- Keywords: deep learning, unsupervised, supervised, infant learning, age of acquisition, DeepCluster, CORnet, AlexNet
- TL;DR: Unsupervised networks learn from bottom up; machines and infants acquire visual classes in different orders
- Abstract: To understand how object vision develops in infancy and childhood, it will be necessary to develop testable computational models. Deep neural networks (DNNs) have proven valuable as models of adult vision, but it is not yet clear if they have any value as models of development. As a first model, we measured learning in a DNN designed to mimic the architecture and representational geometry of the visual system (CORnet). We quantified the development of explicit object representations at each level of this network through training by freezing the convolutional layers and training an additional linear decoding layer. We evaluate decoding accuracy on the whole ImageNet validation set, and also for individual visual classes.

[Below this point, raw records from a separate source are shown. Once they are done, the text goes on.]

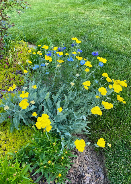 When I returned home, it was time to plant! Even though I had already gathered countless annuals, I had also visited an enormous nursery up near my alma mater, and brought home even more plants. But each one had a planned home, so I began to fill up the planters. My color theme this year is yellow, and I'm really pleased with my choice. It's so bright and sunny everywhere I look.
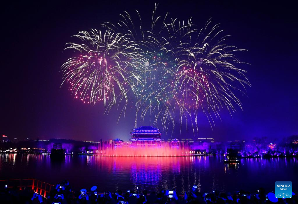 Tourists watch fireworks at the Tang Paradise in Xi'an, northwest China's Shaanxi Province, Feb. 5, 2023. The Tang Paradise, located in the south of Xi'an, is a large cultural theme park showing the life style of the prosperous Tang Dynasty (618-907). (Xinhua/Liu Xiao)
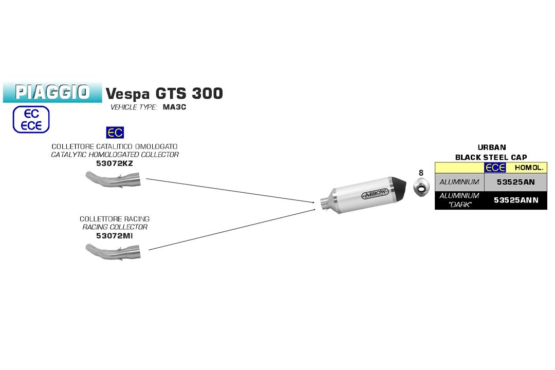 ARROW DARK URBAN - Endschalldämpfer passend für Piaggio Vespa GTS300 (Typ MA3C) / HPE; Baujahre: ab
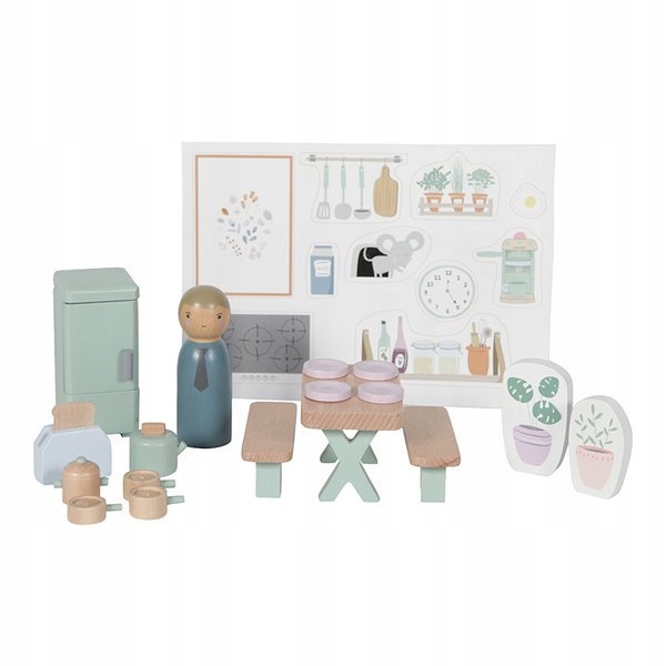 У набір входять: наклейки для самостійного декорування, стіл з лавками, тарілки, каструлі, холодильник, тостер і статуетка. Усі набори Little Dutch можна комбінувати та грати разом.
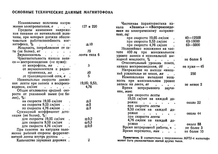 размеры и вес аппарата. Магнитофон двухдорожечный и рассчитан на использование
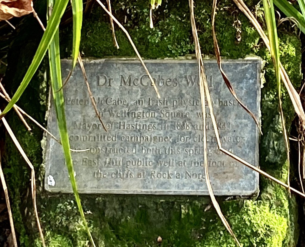 A few metres further on from the spring is an overgrown well that most people walk past without a second glance. However, on closer inspection, there is a half hidden plaque which states that “Peter McCabe, an Irish Physician based in Wellington Square was Mayor of Hastings 1838 and 1843, committed campaigner for clean water, he constructed both this spring and the East Hill public well the foot of the cliffs at Rock a Nore”
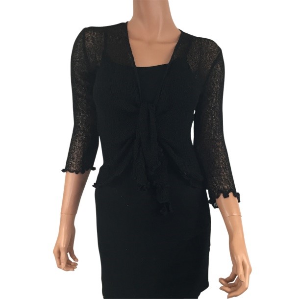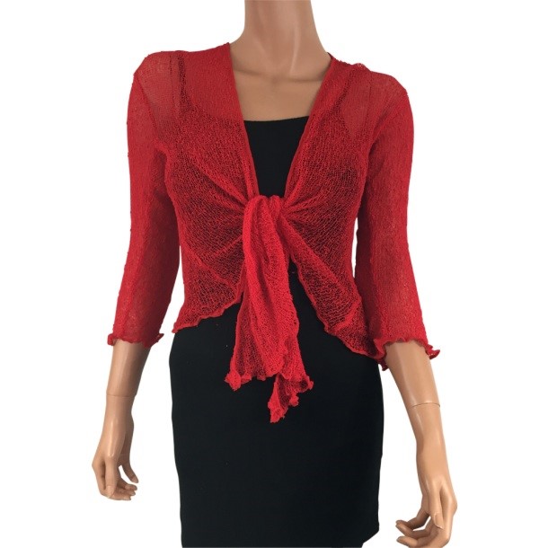 Jeg hælder mest til min lange røde kjole, men den er kun med spagettistropper, så jeg vil gerne have noget ud over - både for at tage lidt af evt. vind, men også for at gemme BH stropperne og mine mormorarme væk.
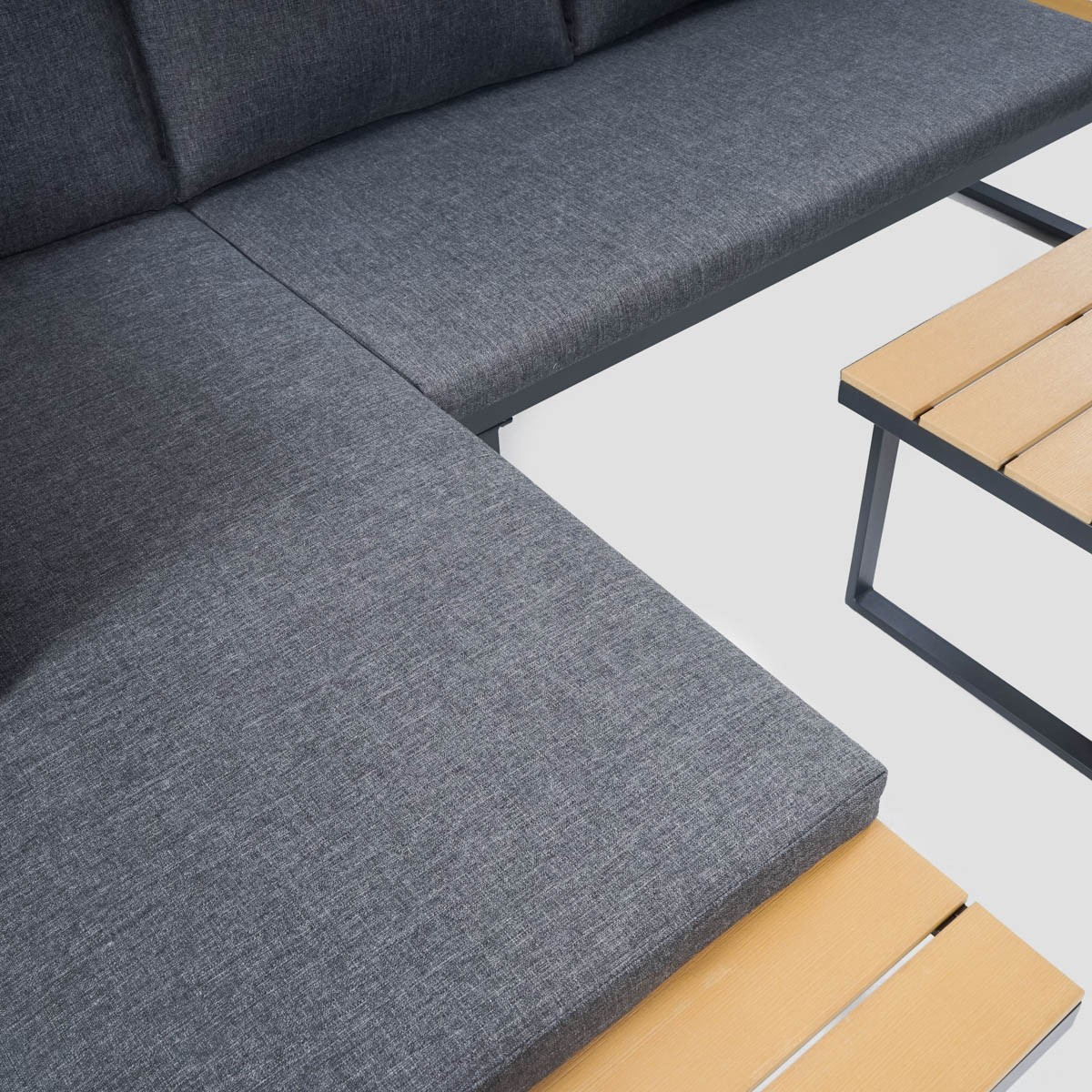 Moderná rohová pohovka a zodpovedajúci konferenčný stolík je duo, ktoré premení vašu záhradu alebo verandu.
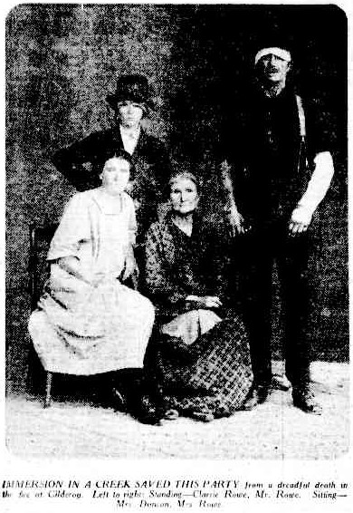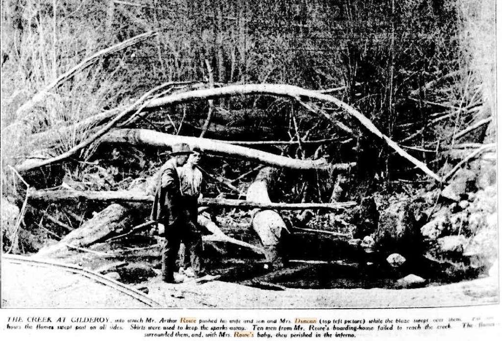 Together with Mrs Elizabeth Duncan, who had only been at the mill for about a week and was helping Mrs Rowe to run the boarding house, the group of four then managed to make their way to a small creek containing about a foot or two of water. Mr Rowe made them lie down and began splashing them with water.
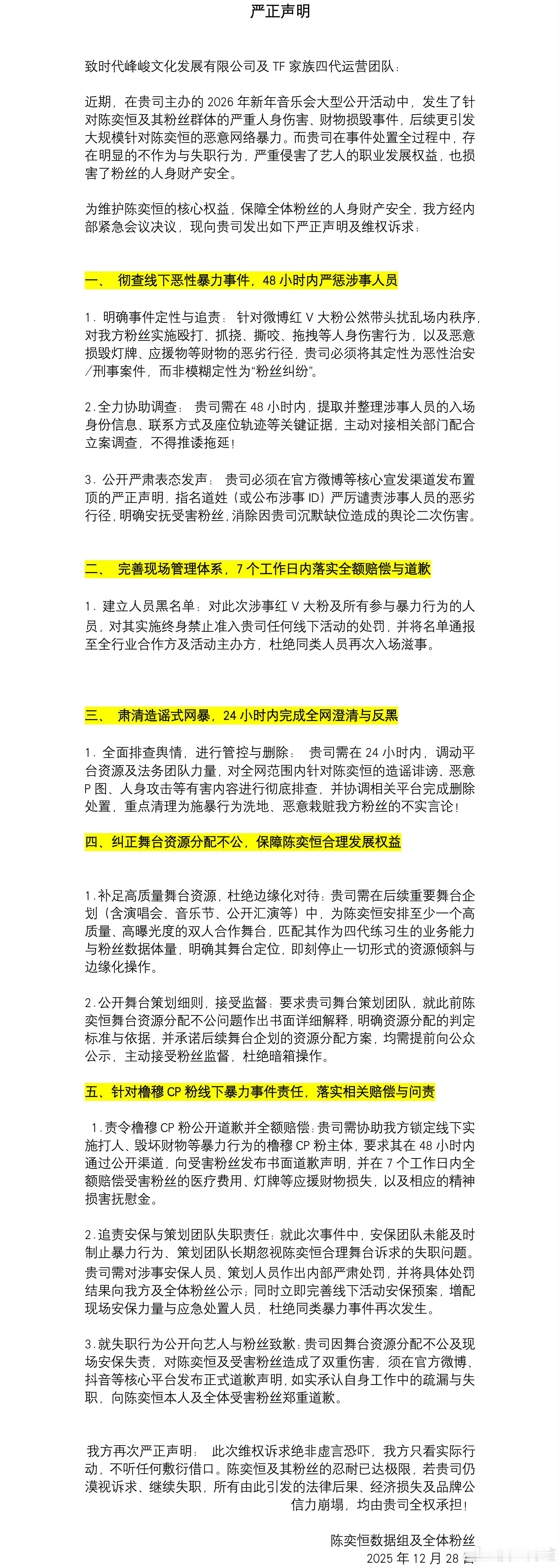 3天新音结束以后,陈奕恒粉丝维权声明来了
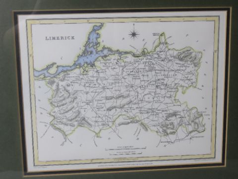 A hand coloured reproduction map of Limerick, Ireland, from Lewis' Topographical Dictionary, framed and mounted, sight size 24 x 19cm, overall size 41 x 34cm.
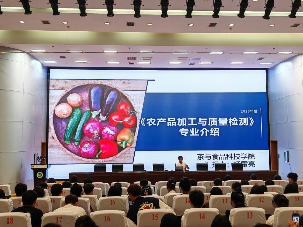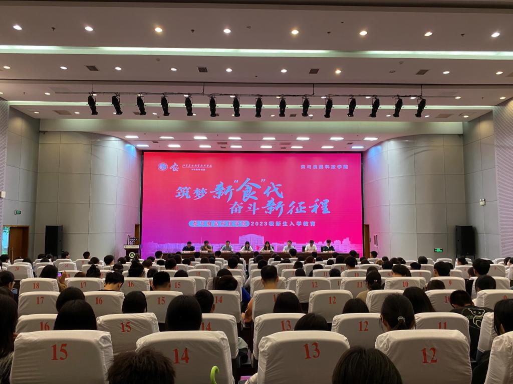 在图书馆报告厅隆重举行“筑梦新‘食’代,奋斗新征程”2023级新生入学教育。茶与食品科技色花堂

CORnet, however, uses supervised training and because infants have only extremely impoverished access to labels they must instead learn in an unsupervised manner. We therefore also measured learning in a state-of-the-art unsupervised network (DeepCluster). CORnet and DeepCluster differ in both supervision and in the convolutional networks at their heart, thus to isolate the effect of supervision, we ran a control experiment in which we trained the convolutional network from DeepCluster (an AlexNet variant) in a supervised manner. We make predictions on how learning should develop across brain regions in infants. In all three networks, we also tested for a relationship in the order in which infants and machines acquire visual classes, and found only evidence for a counter-intuitive relationship. We discuss the potential reasons for this.